Liquefied Natural Gas (LNG) Storage Tanks, Low-Temperature LNG Storage Tanks, Manufacturer of LNG Storage Tanks:

Heze Boiler Factory Co., Ltd., Manager, Mr. Yu。

Current Transformer Secondary Circuit Open-Circuit Differential Protection. By selecting the control word, the differential protection output can be locked or not when the secondary circuit of the current transformer is open-circuited. When the secondary circuit of the current transformer is open-circuited and the differential current is not significant, the differential protection device emits an alarm signal, notifying the dispatch personnel to shut down the transformer for maintenance by reversing the load. This prevents the main transformer from tripping due to the secondary circuit open-circuit of the current transformer. If the differential current increases to the open-circuit differential protection set value (usually the rated current of the transformer, P), the open-circuit differential protection is activated. This ensures that the transformer differential protection operates, the main transformer trips, and the protective device can correctly disconnect the fault current, preventing the accident from escalating.
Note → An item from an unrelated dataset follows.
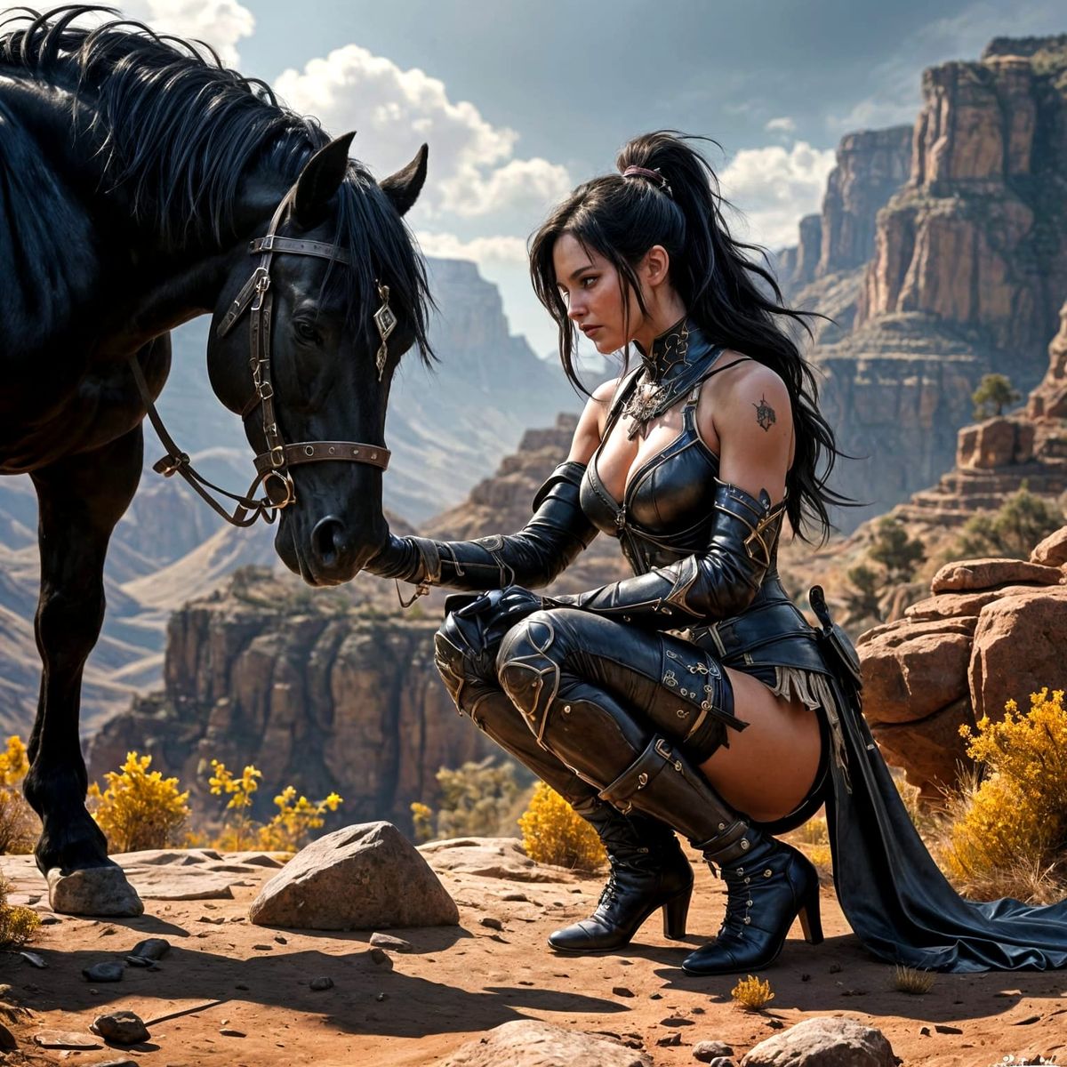 This image shows a female warrior in a medieval costume, squatting and petting a black stallion in the Grand Canyon. The artwork features a dark, epic fantasy aesthetic.
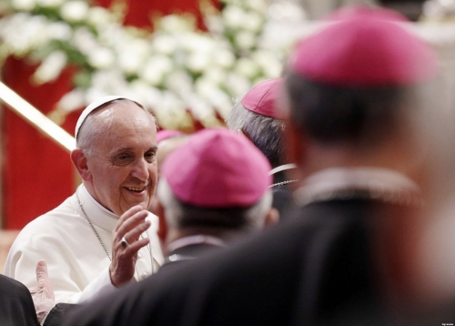 Perante quase duas centenas de bispos, entre os quais D. Manuel Clemente, Patriarca de Lisboa e presidente da Conferência Episcopal Portuguesa, o Papa Francisco lembrou o “dever” de serem “servidores” da Igreja de Cristo: “Todos os bispos, em comunhão com o Sucessor de Pedro, têm a missão e o dever de custodiá-la e de servi-la, não como donos, mas como servidores. O Papa, neste contexto, não é o senhor supremo, mas sim um supremo servidor, o garante da obediência e da conformidade da Igreja à vontade de Deus, ao Evangelho de Cristo e à tradição da Igreja, deixando de lado todo arbítrio pessoal, mesmo sendo – por vontade do próprio Cristo – o ‘Pastor e Doutor supremo de todos os fiéis’”.

This can be considered a compromise solution that balances the advantages and disadvantages of the first two methods, achieving good results. For the No. 1 110 kV substation's No. 3 main transformer (capacity 63 MVA, voltage ratio 110 kV/10.5 kV, connection type YNdll, primary current transformer ratio 600 A, secondary current transformer ratio 4000 A, the differential protection set values are as follows: differential quick-break current set value, ... = 4.4 (A), differential protection start-up set value, ... = 0.28 (A), ratio制动 coefficient set value K = 0.5, second harmonic braking coefficient 0.15, open-circuit differential protection set value 0.8. On a certain day at 06:42, an alarm was reported at the No. 1 substation back-end, indicating that the secondary circuit of the No. 3 main transformer's differential protection current transformer was open-circuited, with a sudden change in current of 0.08 A and a phase difference differential current of 0.056 A. After contacting the dispatch personnel to reverse the load and shut down the power, the equipment was inspected and found to be loose terminals on the SF6 enclosed switchgear busbar. After tightening the busbar terminals, the fault was eliminated.